All implementations now use the XorShift PRNG, with Rust, Go, C and D using the exact same code (a 32bit xorshift function), Scala using a 128-bit xorshift function, and Haskell using a 128-bit xorshift library. It is hence now less unreasonable to make comparisons between the languages, compilers and implementations.
The results are as follows:
Compiler | Speed(s) | %Fastest | SLOC |
LDC | 0.256 | 100% | 107 |
Clang | 0.279 | 92% | 140 |
FCC* | 0.283 | 90% | 111 |
Rustc | 0.303 | 85% | 103 |
6g | 0.323 | 79% | 131 |
G++ | 0.330 | 78% | 127 |
Scala | 0.344 | 74% | 79 |
GCC | 0.347 | 74% | 140 |
LLVM-GHC | 0.428 | 60% | 78 |
GHC | 0.546 | 47% | 78 |
DMD | 0.567 | 45% | 136 |
GCCGO | 0.598 | 43% | 131 |
*A Redditor submitted a version in a language they’re working on called Neat, currently built on top of the LLVM and inspired by D; the compiler is here https://github.com/FeepingCreature/fcc. I was impressed by how a new language can take advantage of the LLVM like that to achieve the same level of performance as much maturer languages.
**Edit: Improvements to the D code make it now the fastest implementation. Most of the speedup came from rearranging the checkColl function to allow for better LLVM optimisation, but I’m not personally familiar enough with the language or the LLVM to explain the optimisations in question.
The LLVM version used by LDC, Rust and Clang is 3.2. GCC and GCCGo used GCC version 4.7.3, while GDC used GCC version 4.6.4. Rust was version “0.8-pre (9da42dc 2013-07-17 04:16:42 -0700)”, GHC was version 7.6.2, DMD was 2.036 and 6g (Go) was 1.1.1. They were all run with 03 where available, –opt-level=3 for Rust, -release for DMD, and -funbox-strict-fields for Haskell. D now also runs with -inline and -noboundscheck.
D was the fastest non-C language tested, with Rust following close behind. It’s worth noting that for this task at least both D and Rust “beat C” at the same code, when comparing their results to the GCC C executable’s. The LLVM appears to do a much better job of optimising this kind of PRNG than GCC, showing how sometimes compiler effectiveness at optimising a given piece of code can be a bigger factor than language choice in determining speed. I will be excited to run these benchmarks again in a year’s time and see how Clang, LLVM D and LLVM Rust compare then.

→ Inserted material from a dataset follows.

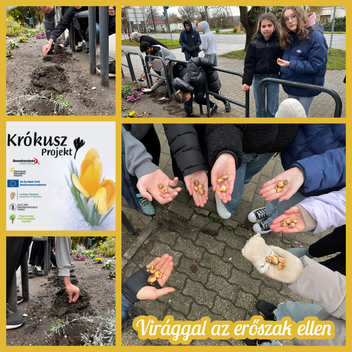Egy kicsi, de annál fontosabb lépést tettünk: iskolánk ősszel csatlakozott a Szembenézés Alapítvány által életre hívott Krókusz-projekthez, melynek keretében ma a diákokkal együtt krókuszhagymákat ültettünk.
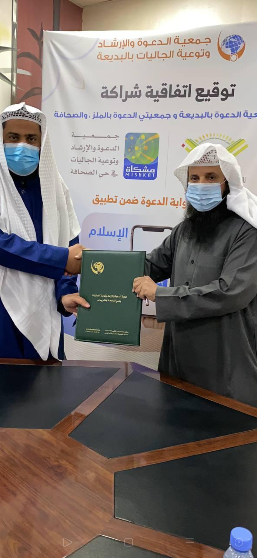 وأبرمت جمعية الدعوة والإرشاد في البديعة (المالكة لحقوق التطبيق) أمس في الرياض أتفاقية تعاون مع جمعية الدعوة والإرشاد وتوعية الجاليات في حي الملز وجمعية الدعوة والإرشاد وتوعية الجاليات في حي الصحافة لتفعيل أدوارهما في الدعوة الى الله بالاستفادة من التقنية الحديثة واستخدام آخر ما توصلت إليه التكنولوجيا لتطويعها لخدمة الدعوة والتعريف بالإسلام.

Scala really surprised me; I didn’t realise a JVM language could run so fast for this kind of code. It even matched the speed of GCC C, putting a lie to the statement that languages running on a VM must necessarily be slower. Many thanks to markehammons for submitting the Scala code! Although I haven’t yet learned Scala, the code is surprisingly easy to read, and isn’t full of ugly optimisation code like I’d have expected a fast JVM program to be. Definitely a language worth considering even for speed-critical tasks.
Rust’s speed was impressive, for such a new language. Its flexibility with memory (optional GC) made it interesting to write in, however Rust’s flexibility (at least currently) comes at a slight price, as its syntax takes a bit of getting used to; to pass a heap-allocated vector by reference I need to use myFunc(& mut myVector) (even though it’s already a mutable vector), and the function receiving it needs myAlias:&mut~[myVector] in its type signature, like fn myFunc(myAlias:&mut ~[myVector]) {..}. Compared even to C ( void myFunc(struct MyType myAlias[arrayLength]){..} ), the Rust version looks a bit byzantine. For those who haven’t been following Rust, there are around seven different kinds of pointers: @ (garbage collected heap allocation), ~ (uniquely owned heap allocation), & (borrowed pointer to heap/stack allocation), * (raw C pointer, only useable in unsafe code), and mutable versions of the first three of those (actually, I’m not sure if there’s a mut & pointer, so maybe just six pointers in total). Note also that a pointer to a mutable value behaves differently than a pointer to a non-mutable value.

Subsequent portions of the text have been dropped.